Here’s what you would see if you could reach through time and space to peek behind the current scene of yours truly—the family behind the perfect Christmas card, if you will. My blood pressure is slowly coming down and my facial expression still says, “I’m not ready to talk about it”. We’re both sitting on the couch—but on opposite ends—relieved to hear the soft hum of our daughter’s sound machine through the little monitor on the kitchen table.

It’s ironic that I’m sitting down to reflect on setting aside expectations for the sake of greater happiness. If you saw the scene around me, you would laugh at the irony at best or scoff at my hypocrisy at worst.

She’s asleep for an afternoon nap and we’re both in self-assigned time outs.

All because of an attempt at a family Christmas card photo. A failed attempt, if you haven’t already guessed. And in my stewing reflection of what just happened, I’m realizing that it all came down to the background of the photo. That’s right—the part you probably won’t even notice, if done correctly. Real mature, Keswani.

image 3367 Motherly

My husband wanted the background to be something meaningful – the city skyline, a Christmas tree, or the view from our rooftop deck. I wanted something neutral like a fuzzy background of a nearby park field or the brick wall that holds up the side of our house.

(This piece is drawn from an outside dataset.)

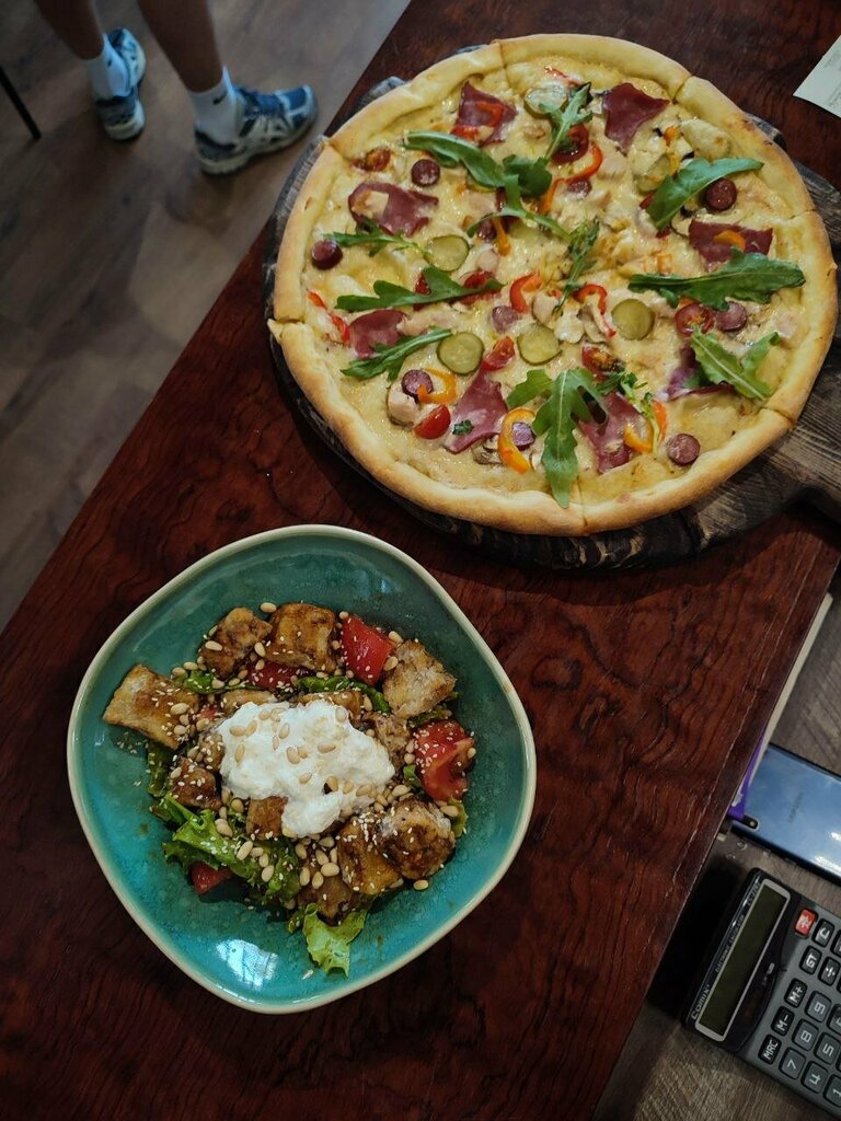 Прекрасное место чтобы провести время, в зале очень комфортная атмосфера и музыка, а также вкусная еда (самый вкусный том ям который я пробовала в нашем городе, а еще обязательно возьмите куриную сковородку с овощами, это просто объедение!!). А также хочется отметить качество пицц, очень вкусные цезарь и 4 сезона, нравятся как взрослым, так и детям, смело ставлю 10/10 💚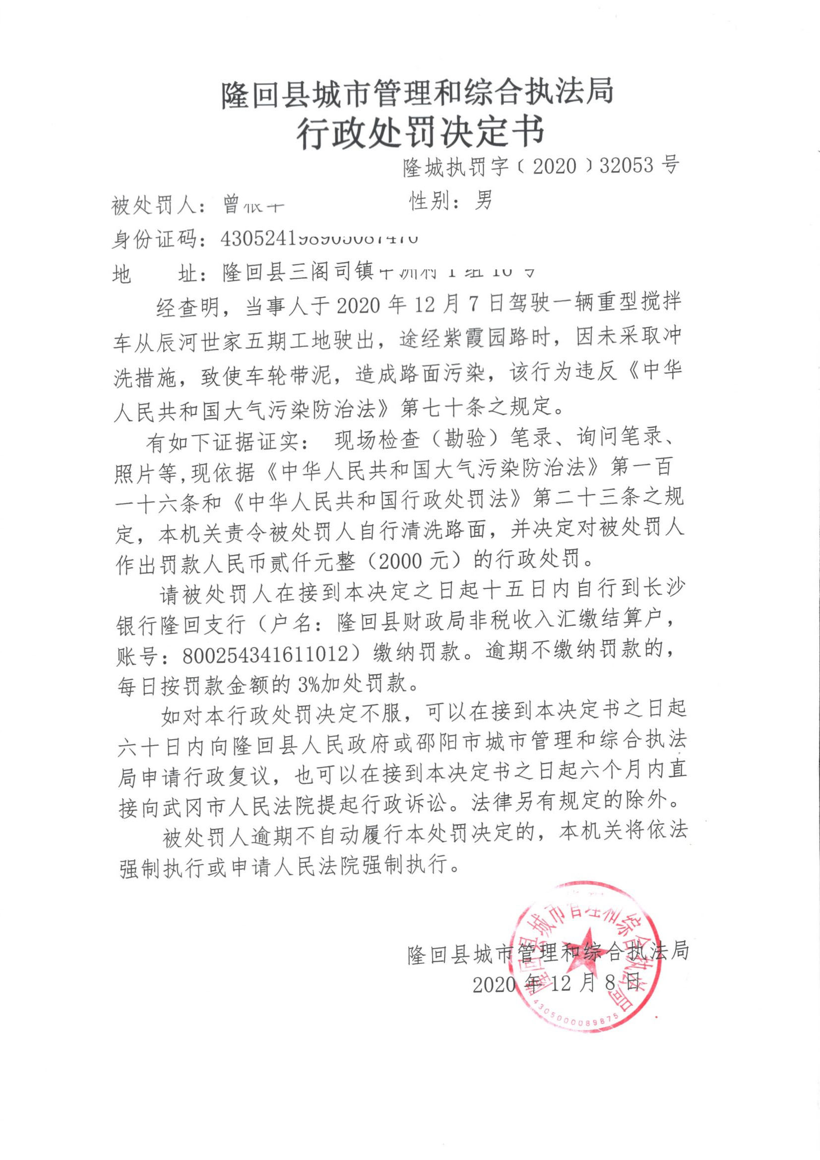 2020年隆回县城市管理和综合执法局行政处罚决定书公示(十二月)

But did we lay those options out to each other and then discuss them, like grown up adults? Nope.

“What about this one, babe?”

“No, it looks like the buildings are coming out of our heads”

“I like this idea—do you?”

“No—there’s nothing to it. It’s kind of boring, don’t you think?”

And if our subtle arguing was a match to light a fire, then our struggling toddler was the kerosene that would take our emotional self-control as parents and blow it to bits. Because, in case you didn’t know, 15 month olds do not like sitting still nor do they like seeing a pretty glowing smartphone and be repeatedly denied a chance to play with it.

Especially when they are tired.

So subtle jabs at each other’s ideas dissolved into a tense trading of words that were way more dramatic and are great ways to escalate a conversation. You know what I’m talking about – “You always have a billion ideas at once and it’s so overwhelming” “You never like anything I suggest.”

Then our sweet angel, dressed in a Christmasy-red tutu & screaming on the floor, yawned. Hallelujah, it’s nap time.

And here we are. Silent on the couch.

The whole Christmas card photo scene is a testament to what kind of people we turn into when our expectations aren’t spoken out loud and the monsters we turn into when they aren’t met.

I wish I could offer some more mature wisdom for you. I wish I could tell you about how my husband and I avoided a fight with our learned wisdom: We spoke our desires and dreams to each other in calm and loving voices, then poetically navigated through them to create a perfect setting in which we captured a genuine moment of laughter and joy on camera.

But I have a hunch that there are so many of you that will have a similar moment as us (or millions of them—ah, I’m still in dramatic mode). That most of us have not reached a perfect place of communicating expectations in efforts to avoid conflict. Maybe, in the sharing of these moments, we can all laugh at ourselves a bit and begin to take ourselves a little less seriously.

And whether it’s a short-sighted argument about the background of a photo or a tragic moment that knock the wind out of us, our anger from unmet expectations comes from the same place: disappointment and hurt that we lost something.

The big question is this: Is the thing you lost worth the heartache of the hurt you feel?

Some of the hurt is silly and goes away when you realize you’re being ridiculous. But sometimes, the hurt is so real that it’s all consuming. It’s the kind of hurt that will turn into a marker in your life: Before the hurt and after it. A new normal that you never wanted.

While I can’t be a shining example of what to do to achieve perfect harmony, I can share this lesson that I seem to need to learn on a daily basis: It starts with saying it out loud. Saying what we expect and hope for out loud can help us parse through what’s worth really going after and what is us just being selfish. What’s worth grieving over and what should be let go.

Because when expectations go unspoken, we carry anger, shame, and grief—when what we really want to carry is meaning, purpose, and love.

When our dear friends and family open up a Christmas card from our family (more accurately, if we are able to send one out), they’ll see a perfect little photo of us, with all the right filters and a pithy quote from a Christmas carol—like we are constantly only ever living in a state of good tidings and great joy.

We aren’t.

What we —this little family tucked away in a corner of Chicago—are really doing is this: We’re trying to value the eternal over the temporary. We’re trying to remember to set aside the urgent breathless race of what’s expected of us, what’s expected of ourselves, so we can find what we’re all actually looking for: God. Each other. Memories that outlast short-sighted expectations.

So with that, it’s time to go kiss my husband and apologize for being a stinker (yep, no swear words around here. Because toddlers and growing minds).